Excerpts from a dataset
:::

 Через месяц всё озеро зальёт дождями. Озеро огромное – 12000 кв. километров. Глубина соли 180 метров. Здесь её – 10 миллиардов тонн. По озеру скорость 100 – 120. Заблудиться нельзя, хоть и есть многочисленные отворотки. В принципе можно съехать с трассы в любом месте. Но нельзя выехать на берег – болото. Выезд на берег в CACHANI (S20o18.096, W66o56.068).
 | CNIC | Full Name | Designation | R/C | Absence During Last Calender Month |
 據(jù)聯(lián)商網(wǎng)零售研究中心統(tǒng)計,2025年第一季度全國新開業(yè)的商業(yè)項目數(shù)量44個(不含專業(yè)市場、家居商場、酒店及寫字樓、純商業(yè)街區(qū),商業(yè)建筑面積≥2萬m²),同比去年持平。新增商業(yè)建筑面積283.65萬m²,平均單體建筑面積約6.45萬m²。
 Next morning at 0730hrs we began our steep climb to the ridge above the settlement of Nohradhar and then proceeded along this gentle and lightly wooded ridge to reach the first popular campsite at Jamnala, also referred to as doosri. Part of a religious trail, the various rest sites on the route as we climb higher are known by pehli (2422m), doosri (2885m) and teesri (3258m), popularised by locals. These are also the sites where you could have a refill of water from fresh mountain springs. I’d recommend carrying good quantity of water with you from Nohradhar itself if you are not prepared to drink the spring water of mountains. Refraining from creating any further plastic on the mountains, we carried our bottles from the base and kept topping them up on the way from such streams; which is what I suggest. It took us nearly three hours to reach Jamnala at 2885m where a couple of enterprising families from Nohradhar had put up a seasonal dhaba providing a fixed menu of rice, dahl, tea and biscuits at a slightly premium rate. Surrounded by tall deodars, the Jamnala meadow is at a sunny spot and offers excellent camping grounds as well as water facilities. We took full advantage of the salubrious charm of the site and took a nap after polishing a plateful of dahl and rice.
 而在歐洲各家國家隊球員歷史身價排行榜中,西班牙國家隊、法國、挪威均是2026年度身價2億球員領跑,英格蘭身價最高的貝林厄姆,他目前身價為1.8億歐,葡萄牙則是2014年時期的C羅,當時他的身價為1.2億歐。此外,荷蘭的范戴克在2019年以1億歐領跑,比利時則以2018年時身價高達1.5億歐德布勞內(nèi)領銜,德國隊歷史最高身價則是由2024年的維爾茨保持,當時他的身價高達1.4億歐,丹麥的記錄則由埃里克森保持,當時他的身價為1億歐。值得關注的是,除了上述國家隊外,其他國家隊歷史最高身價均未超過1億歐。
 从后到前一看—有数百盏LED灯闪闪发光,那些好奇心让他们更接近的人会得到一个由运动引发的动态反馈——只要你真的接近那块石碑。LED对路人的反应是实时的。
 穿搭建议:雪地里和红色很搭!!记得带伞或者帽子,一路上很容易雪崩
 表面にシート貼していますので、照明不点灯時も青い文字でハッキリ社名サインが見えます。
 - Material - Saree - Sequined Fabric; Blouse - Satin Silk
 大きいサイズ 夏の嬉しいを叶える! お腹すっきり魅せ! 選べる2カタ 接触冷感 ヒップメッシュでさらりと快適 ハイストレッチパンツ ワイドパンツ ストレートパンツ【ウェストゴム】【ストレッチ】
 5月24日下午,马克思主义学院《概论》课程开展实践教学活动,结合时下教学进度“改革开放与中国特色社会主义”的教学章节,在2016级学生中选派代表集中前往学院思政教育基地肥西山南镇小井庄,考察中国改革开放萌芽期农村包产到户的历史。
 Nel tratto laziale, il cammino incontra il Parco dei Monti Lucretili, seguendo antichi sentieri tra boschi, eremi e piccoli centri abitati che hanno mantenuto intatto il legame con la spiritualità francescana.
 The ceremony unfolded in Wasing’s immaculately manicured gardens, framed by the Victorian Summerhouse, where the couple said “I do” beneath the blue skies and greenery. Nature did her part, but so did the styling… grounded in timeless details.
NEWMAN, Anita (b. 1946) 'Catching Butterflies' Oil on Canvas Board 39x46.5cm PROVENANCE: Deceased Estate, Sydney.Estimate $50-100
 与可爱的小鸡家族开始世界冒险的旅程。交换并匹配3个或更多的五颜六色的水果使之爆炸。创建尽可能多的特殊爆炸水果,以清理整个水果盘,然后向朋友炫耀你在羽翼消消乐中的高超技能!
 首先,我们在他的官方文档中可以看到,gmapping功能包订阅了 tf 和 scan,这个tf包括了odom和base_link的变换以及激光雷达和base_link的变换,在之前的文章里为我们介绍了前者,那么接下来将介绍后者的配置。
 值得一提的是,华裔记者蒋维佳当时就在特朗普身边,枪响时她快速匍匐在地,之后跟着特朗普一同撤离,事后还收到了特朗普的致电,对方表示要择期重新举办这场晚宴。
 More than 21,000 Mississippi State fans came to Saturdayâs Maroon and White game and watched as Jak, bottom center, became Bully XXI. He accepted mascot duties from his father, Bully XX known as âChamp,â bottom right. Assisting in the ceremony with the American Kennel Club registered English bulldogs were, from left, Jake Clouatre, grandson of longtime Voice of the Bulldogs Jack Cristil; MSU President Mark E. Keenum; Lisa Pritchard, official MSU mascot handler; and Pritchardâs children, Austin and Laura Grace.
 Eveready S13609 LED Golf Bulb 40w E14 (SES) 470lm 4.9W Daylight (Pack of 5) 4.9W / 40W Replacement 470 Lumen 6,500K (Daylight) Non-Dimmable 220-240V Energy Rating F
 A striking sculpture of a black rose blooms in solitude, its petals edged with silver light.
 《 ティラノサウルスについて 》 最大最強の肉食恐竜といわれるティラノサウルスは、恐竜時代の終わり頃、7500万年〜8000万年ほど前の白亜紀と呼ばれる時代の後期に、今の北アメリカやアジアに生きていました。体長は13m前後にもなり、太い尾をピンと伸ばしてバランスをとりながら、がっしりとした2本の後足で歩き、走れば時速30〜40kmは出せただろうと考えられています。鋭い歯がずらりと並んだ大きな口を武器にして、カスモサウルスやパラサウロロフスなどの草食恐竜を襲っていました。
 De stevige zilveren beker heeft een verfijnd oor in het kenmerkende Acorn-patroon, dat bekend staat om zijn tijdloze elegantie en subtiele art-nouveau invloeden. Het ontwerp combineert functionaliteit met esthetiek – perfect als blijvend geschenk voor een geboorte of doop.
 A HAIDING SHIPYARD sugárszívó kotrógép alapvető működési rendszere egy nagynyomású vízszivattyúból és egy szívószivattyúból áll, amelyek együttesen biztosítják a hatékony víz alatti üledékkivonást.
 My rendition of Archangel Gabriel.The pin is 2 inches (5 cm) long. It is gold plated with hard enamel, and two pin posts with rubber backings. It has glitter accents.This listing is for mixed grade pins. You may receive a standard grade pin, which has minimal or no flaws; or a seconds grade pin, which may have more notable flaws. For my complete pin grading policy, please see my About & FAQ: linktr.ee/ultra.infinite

:::

• [The task]: The lines running from the start of the data through the one that contains "據(jù)聯(lián)商網" should be reproduced exactly, and only those.

• [Result of the exercise]:
 Через месяц всё озеро зальёт дождями. Озеро огромное – 12000 кв. километров. Глубина соли 180 метров. Здесь её – 10 миллиардов тонн. По озеру скорость 100 – 120. Заблудиться нельзя, хоть и есть многочисленные отворотки. В принципе можно съехать с трассы в любом месте. Но нельзя выехать на берег – болото. Выезд на берег в CACHANI (S20o18.096, W66o56.068).
 | CNIC | Full Name | Designation | R/C | Absence During Last Calender Month |
 據(jù)聯(lián)商網(wǎng)零售研究中心統(tǒng)計,2025年第一季度全國新開業(yè)的商業(yè)項目數(shù)量44個(不含專業(yè)市場、家居商場、酒店及寫字樓、純商業(yè)街區(qū),商業(yè)建筑面積≥2萬m²),同比去年持平。新增商業(yè)建筑面積283.65萬m²,平均單體建筑面積約6.45萬m²。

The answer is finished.